====== Provided data ======

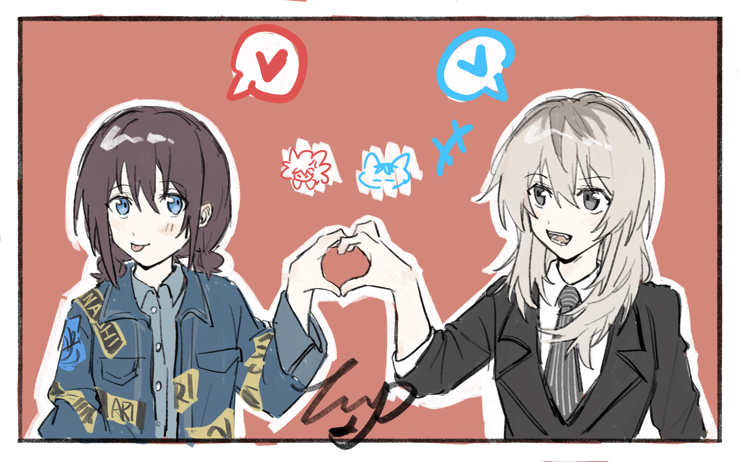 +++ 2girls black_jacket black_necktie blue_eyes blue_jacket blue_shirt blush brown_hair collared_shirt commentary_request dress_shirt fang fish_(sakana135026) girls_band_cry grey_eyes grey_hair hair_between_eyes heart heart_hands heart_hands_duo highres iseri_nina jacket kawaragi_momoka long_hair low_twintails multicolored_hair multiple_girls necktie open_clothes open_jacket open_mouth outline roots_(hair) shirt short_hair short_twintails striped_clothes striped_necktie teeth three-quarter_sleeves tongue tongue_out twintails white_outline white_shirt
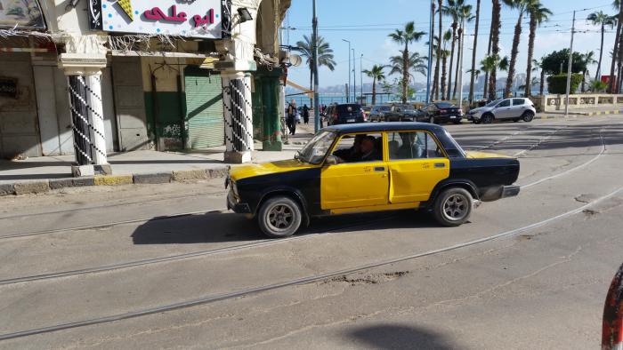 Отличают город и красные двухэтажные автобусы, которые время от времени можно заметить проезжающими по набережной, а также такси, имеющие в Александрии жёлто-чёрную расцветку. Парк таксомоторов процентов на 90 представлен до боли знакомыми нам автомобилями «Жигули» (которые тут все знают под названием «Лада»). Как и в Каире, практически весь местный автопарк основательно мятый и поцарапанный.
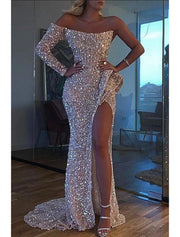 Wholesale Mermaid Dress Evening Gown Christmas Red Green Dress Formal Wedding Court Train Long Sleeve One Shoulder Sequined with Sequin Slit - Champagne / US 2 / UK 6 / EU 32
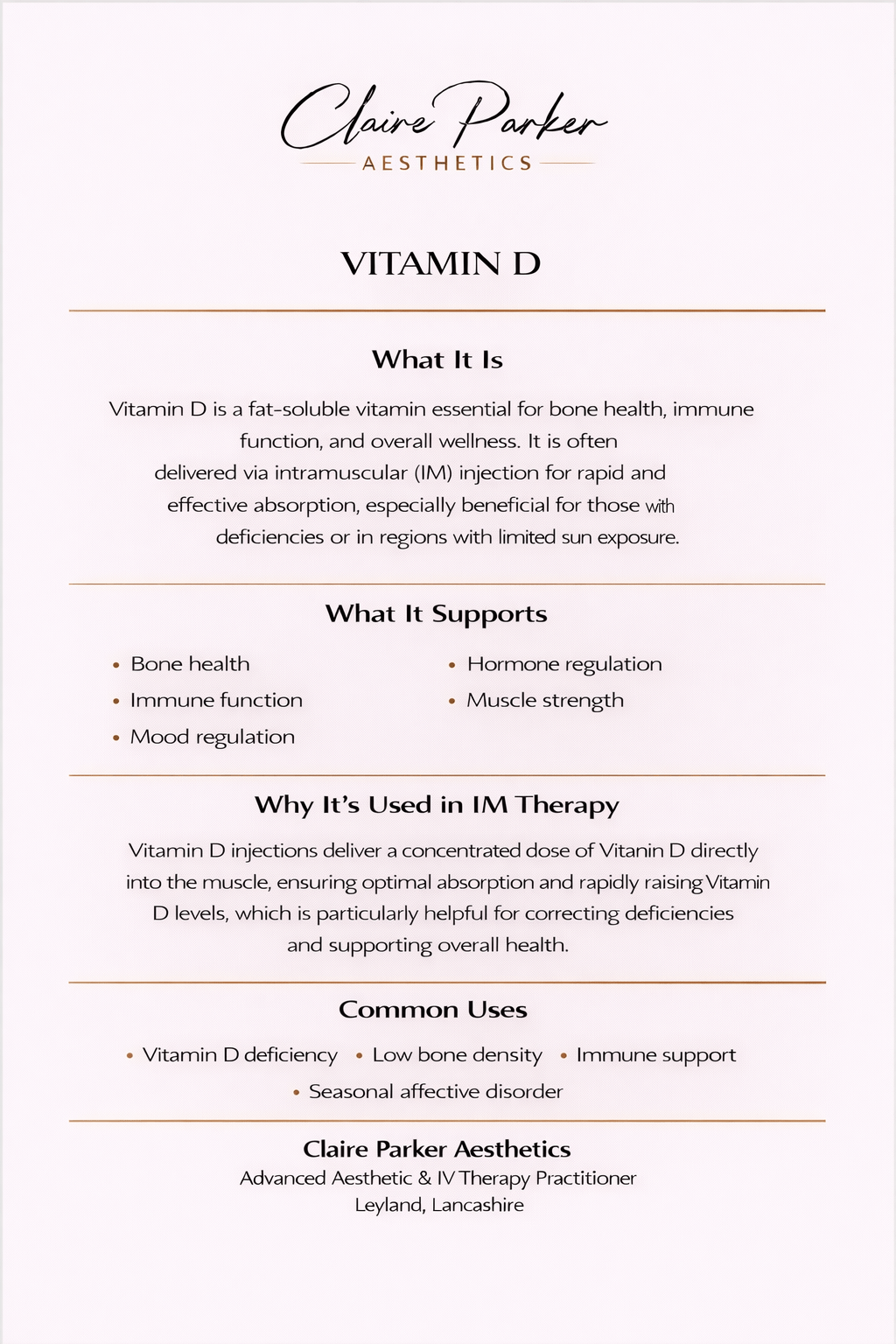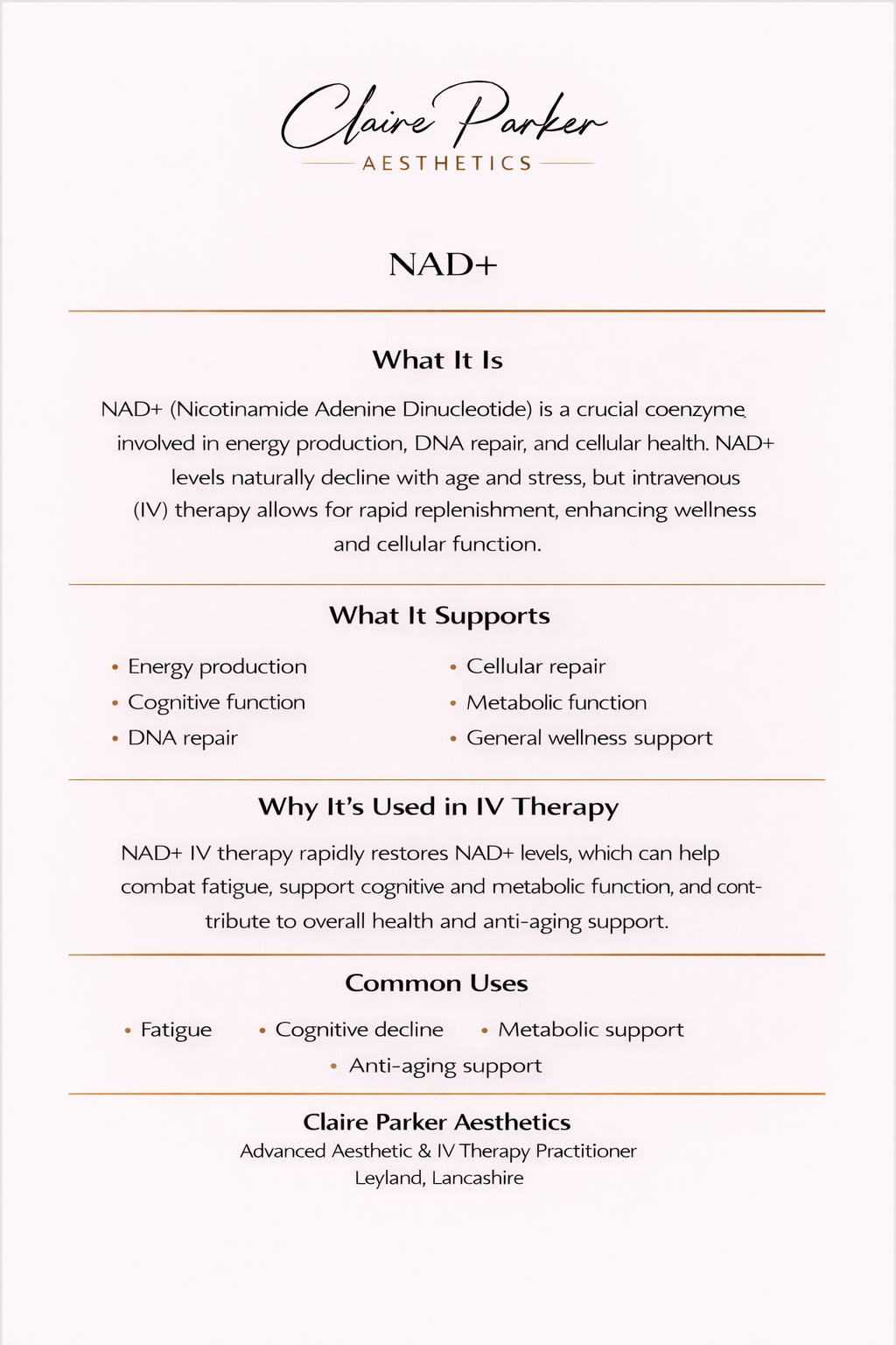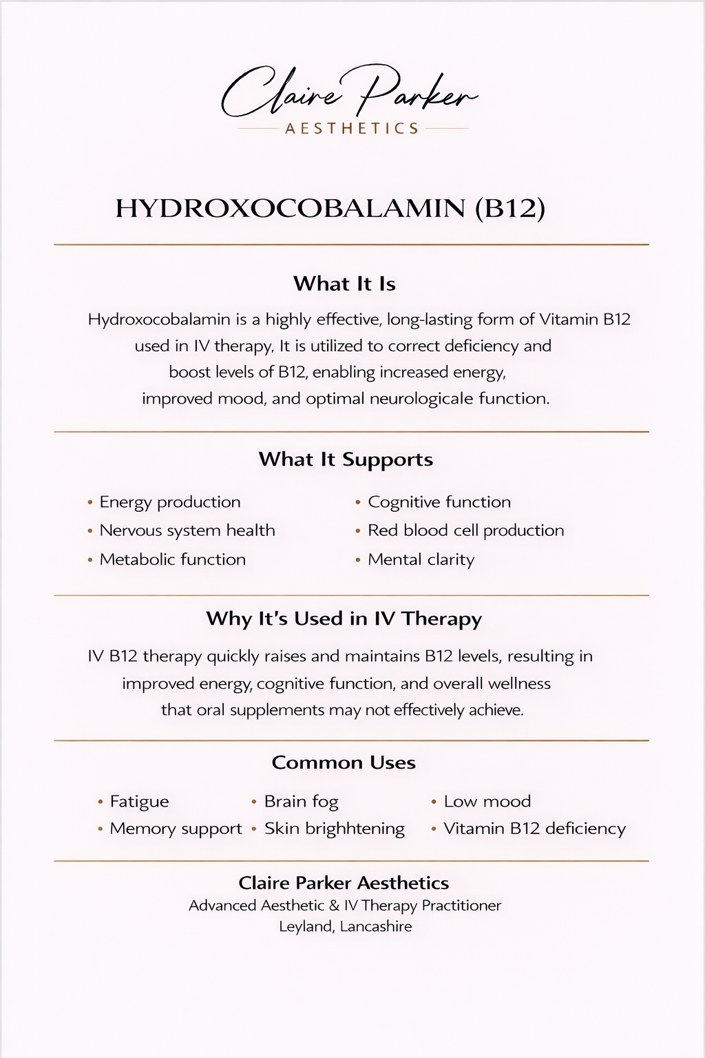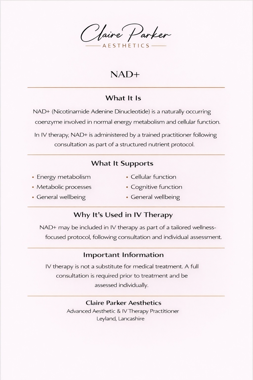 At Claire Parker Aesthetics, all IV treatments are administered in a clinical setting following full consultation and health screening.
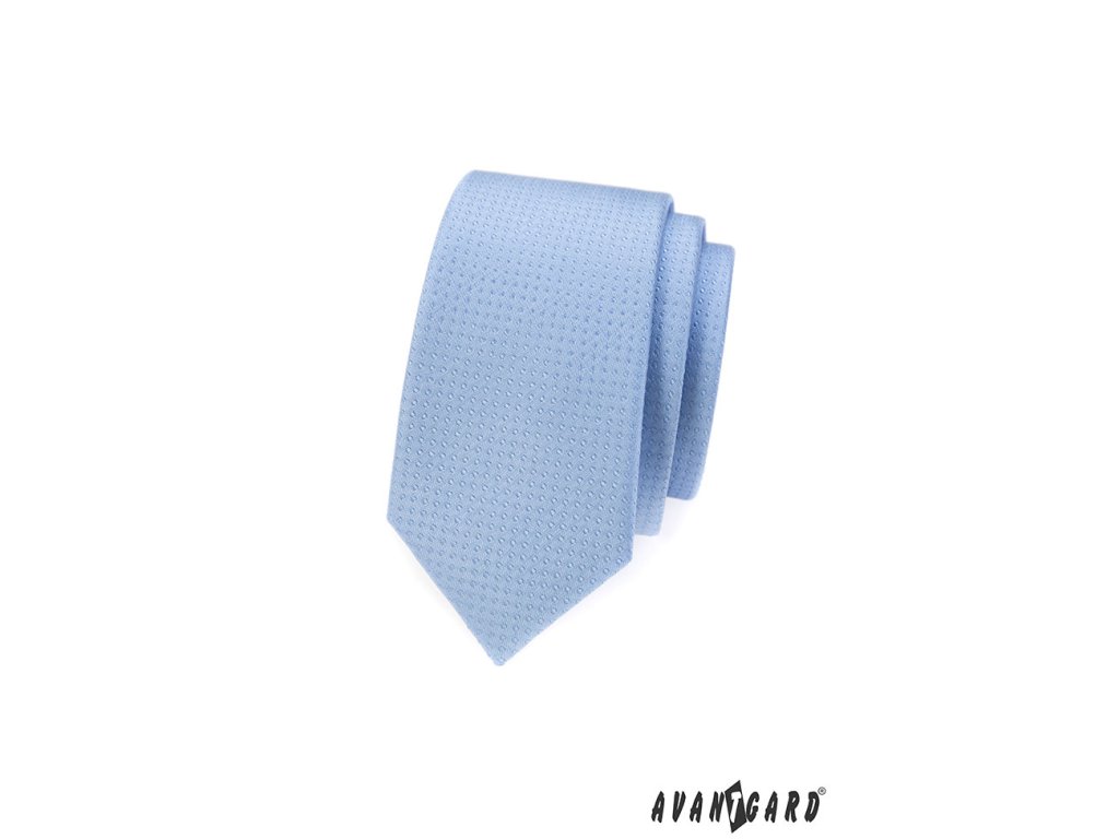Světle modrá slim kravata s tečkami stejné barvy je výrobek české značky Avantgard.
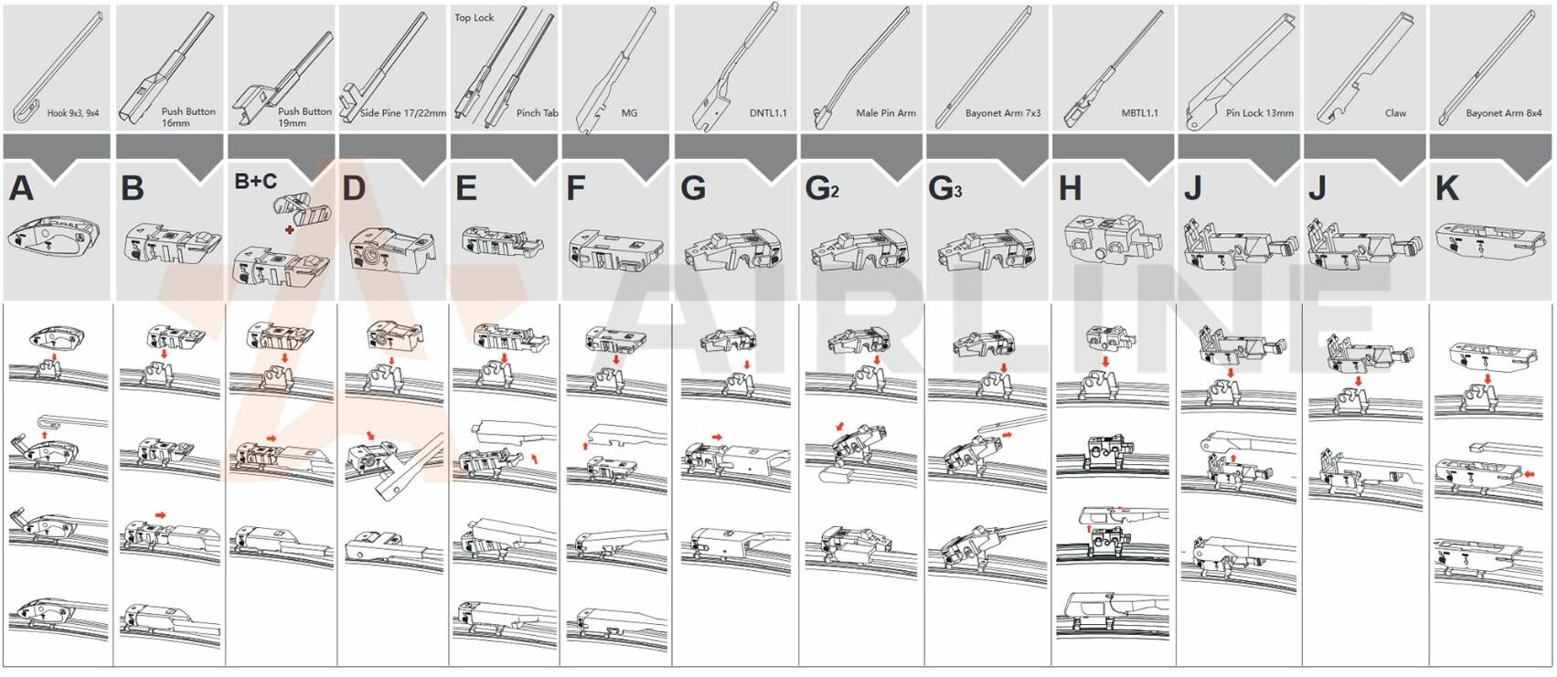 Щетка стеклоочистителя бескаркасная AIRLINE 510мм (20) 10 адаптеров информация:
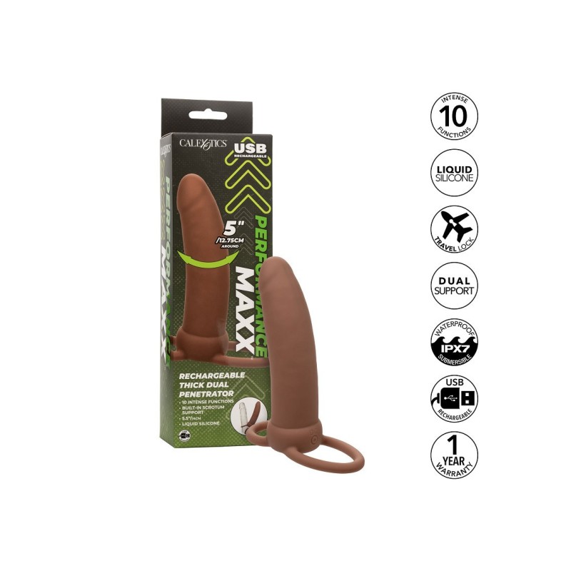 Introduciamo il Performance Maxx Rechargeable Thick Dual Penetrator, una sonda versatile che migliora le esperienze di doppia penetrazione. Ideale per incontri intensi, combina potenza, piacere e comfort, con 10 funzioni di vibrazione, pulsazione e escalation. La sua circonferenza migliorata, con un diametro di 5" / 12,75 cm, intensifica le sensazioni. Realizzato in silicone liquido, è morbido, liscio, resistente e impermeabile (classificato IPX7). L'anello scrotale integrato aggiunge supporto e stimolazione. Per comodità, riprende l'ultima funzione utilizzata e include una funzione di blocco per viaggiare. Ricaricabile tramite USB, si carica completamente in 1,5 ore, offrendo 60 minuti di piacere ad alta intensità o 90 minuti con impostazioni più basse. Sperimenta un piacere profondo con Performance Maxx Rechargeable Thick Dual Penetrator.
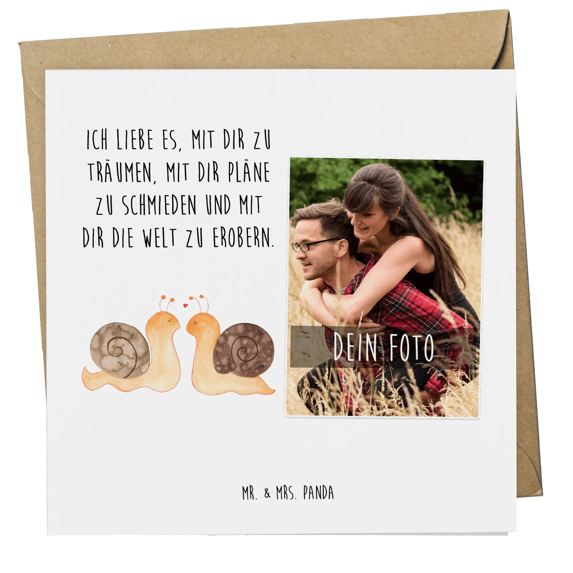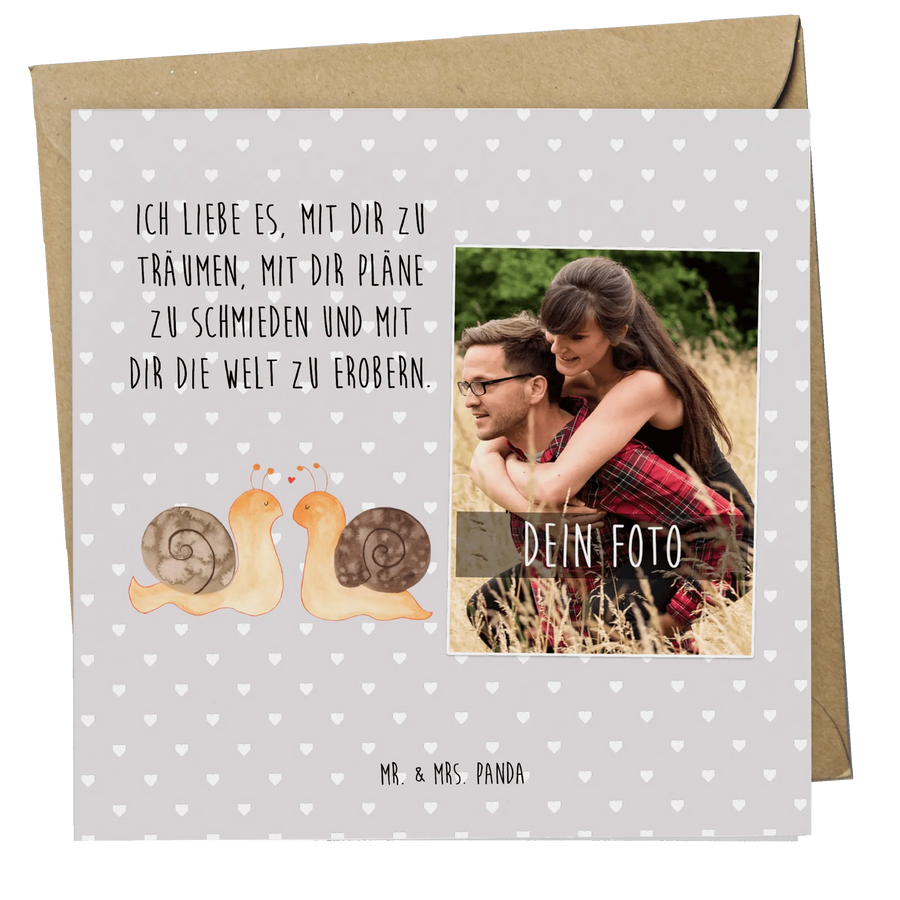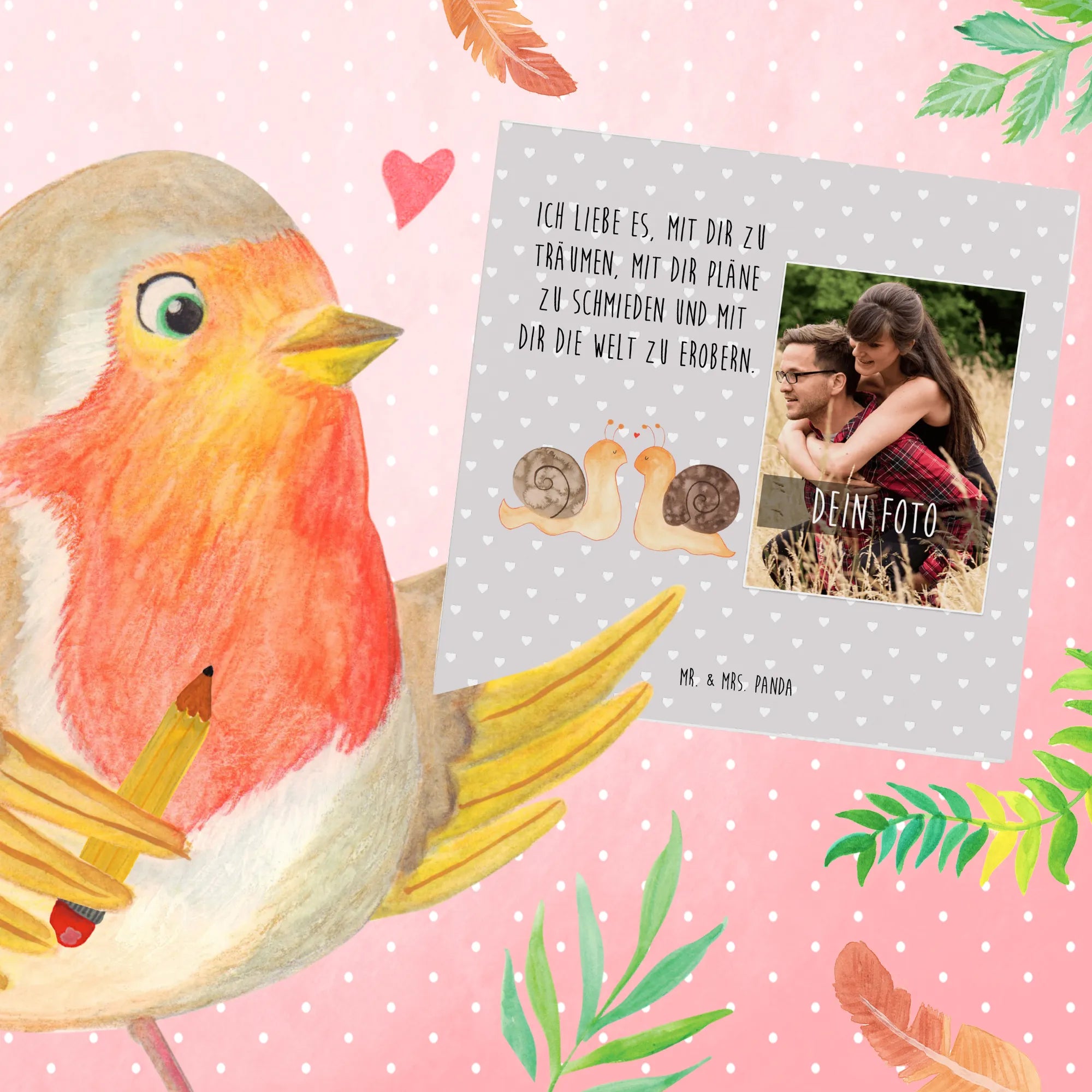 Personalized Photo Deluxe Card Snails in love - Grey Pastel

======

> Aim of the task:
Set down exactly the lines above, from the line containing "Отличают город и" through the line containing "Щетка стеклоочистителя бескаркасная". Skip the pictures.

> Result for this task:
 Отличают город и красные двухэтажные автобусы, которые время от времени можно заметить проезжающими по набережной, а также такси, имеющие в Александрии жёлто-чёрную расцветку. Парк таксомоторов процентов на 90 представлен до боли знакомыми нам автомобилями «Жигули» (которые тут все знают под названием «Лада»). Как и в Каире, практически весь местный автопарк основательно мятый и поцарапанный.
 Wholesale Mermaid Dress Evening Gown Christmas Red Green Dress Formal Wedding Court Train Long Sleeve One Shoulder Sequined with Sequin Slit - Champagne / US 2 / UK 6 / EU 32
 At Claire Parker Aesthetics, all IV treatments are administered in a clinical setting following full consultation and health screening.
Světle modrá slim kravata s tečkami stejné barvy je výrobek české značky Avantgard.
 Щетка стеклоочистителя бескаркасная AIRLINE 510мм (20) 10 адаптеров информация:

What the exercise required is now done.